Rencananya memang ingin ada satu foto terbaik nantinya
…
Tengkyu bro
jadi asisten respond neeh disini
*nyaingin mba quinie*
@katakataku
ini obsesi saya pengin punya kamera model begini, tapi apa daya…
tapi memberdayakan yang ada dirasa sudah cukup mewakili tinggal belajar teknisnya saja….
jadi ngiler dan mimpi kapan ya….
betul sekali om, berdayakan secara maksimal yang sudah ada; Insya Allah itu lebih baik
wwahhh…yang punya kamera baru punya semangat baru menekuni bidang fotography nih ?
Ini salah satu mimpi gue sejak di bangku sekolah sih, Riez
Udah gw selamatkan.. Makanya baca bismillah dulu
Saya juga pernah mendengar mengenai project menarik ini …
365 foto dalam setahun … i.e … sehari satu foto …
Pernah terbersit keinginan untuk melakukannya …
Tetapi saya urung kan …
Soalnya saya kan orangnya pemalu … (hehehehe)

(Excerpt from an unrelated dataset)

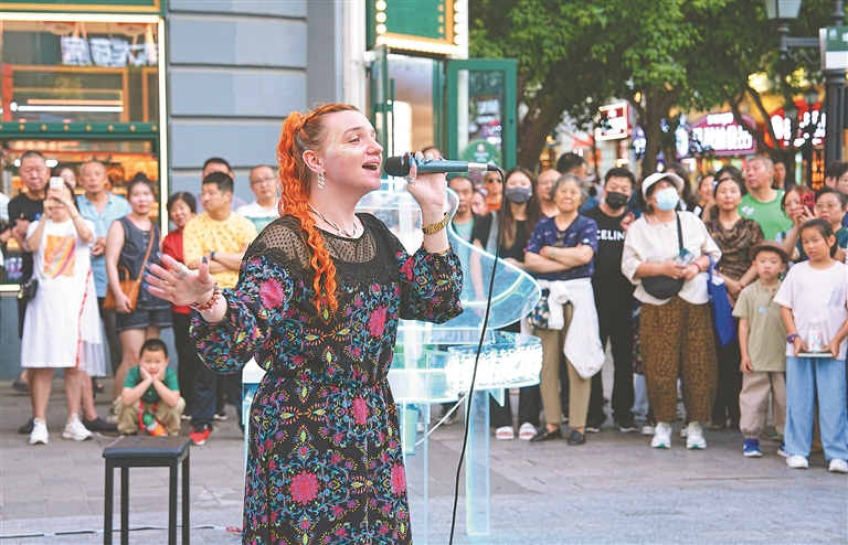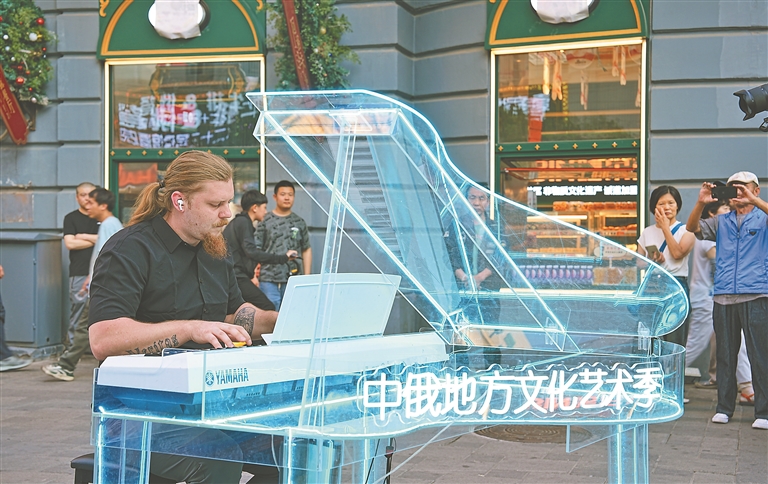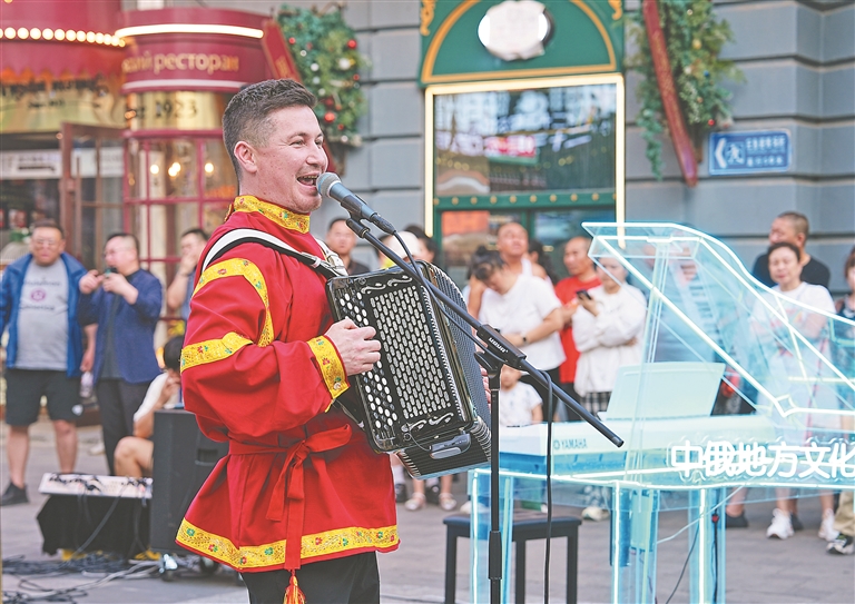 中央大街一隅,熱情洋溢的俄羅斯演員或奏響悠揚的巴揚樂曲,讓充滿異域風(fēng)情的旋律在空氣中流淌;或以靈動的舞姿演繹俄羅斯文化,用熱情奔放的節(jié)奏點燃現(xiàn)場氣氛。市民和游客近距離感受俄羅斯文化的魅力。

kalo pemalu, suruh orang lain aja yang moto Mas
Oh iya satu lagi …
Saya termasuk yang terbius dengan DSLR …
Canon 1000D .. the rebel …
Terbius karena … anggapan …
“Keknya keren punya kamera gede yang bermoncong panjang deh …”
Tapi ternyata …
Kalau dasarnya ndak bisa moto …
hasilnya ya sama saja dengan yang Pocket … atau bahkan yang dari HP hehehehe
Salam saya
Pada akhirnya memang man behind the camera juga yang menentukan ya Mas
Makasih ya mas udah mampir
seneng poto2 tapi gak suka di poto
Hmmm unusual
saya belum kepikir pakai DSLR, soalnya masih jeprat jepret ribet begitu jadi masih setia dengan kamdig saku biar praktis, wah bagus tuh satu foto=365hari bisa langsung profesional dodh…
hahaha amin Mam.. amin. Tapi step by step kali yak
saia gak terlalu suka foto ataupun difoto……hehehe
tapi, saia numpang baca bwt referensi adik saia yg mau beli kamera….. :)
terima kasih sudah mampir
Ni blog tentang fotografi yac????
== http://indofilm2010.blogspot.com ==
blog gado-gado
umm.. jadi kepengen kamera baru
beli dongs.. beli
pak dhodie semoga masih kenal saya . .
saya syaiful anwar . . murid bimbel antum di alaw.
Hei hei hei murid saya ada yang nongol juga
Tentu masih kenal. Keep silaturahim ya
selamat mengejar target
Makasih om
harganya gek berapa?
Sekitar 5 jutaan, Om
kamu pasti bisa 1 hari 1 foto…
Byk objek disekitar yang menarik tuk dijadikan objek bidikan kameramu, ya… kalo mentok bisa foto diri sendiri hehehe…. dijadiin model pribadi
Narsis dong jadinya
pendamping benerannya siapa kak? upssssss….
Doain aja Li
p cabar om……hehhe
semangat y
salam hangat dari blue
Kabar baik blue.. Makasih ya
saya mampir….
Makasih
kapan2 foto Mie Janda donk hehehe
Tawaran yang sangat menarik Kang
wah kameranya keren…
Tapi mahal sangat sih Om (cry)
harganya berapa Pak??
Tuh ada di atas, Jo
kenapa mulai tanggal 25 ?
hehehe, wong aku mulai baru tanggal 14 kemaren juga ding :p
fentyshots.posterous.com ya, dod ^^
Supaya ada persiapan aja Fen hehe..
Sip sip, nanti kalau saya sudah start kita bisa saling mengunjungi yak
Semoga bisa konsisten selama satu tahun ke depan…
Mantep kameranya, harus mantep pula hasilnya kan ya?
Amiin… semua tetap dalam proses Mba
potografi
hobi yang menghasilkan
Ada catatannya: kalau kita pun bisa profesional di situ
kok tumblrnya gak bisa dibuka dari sini?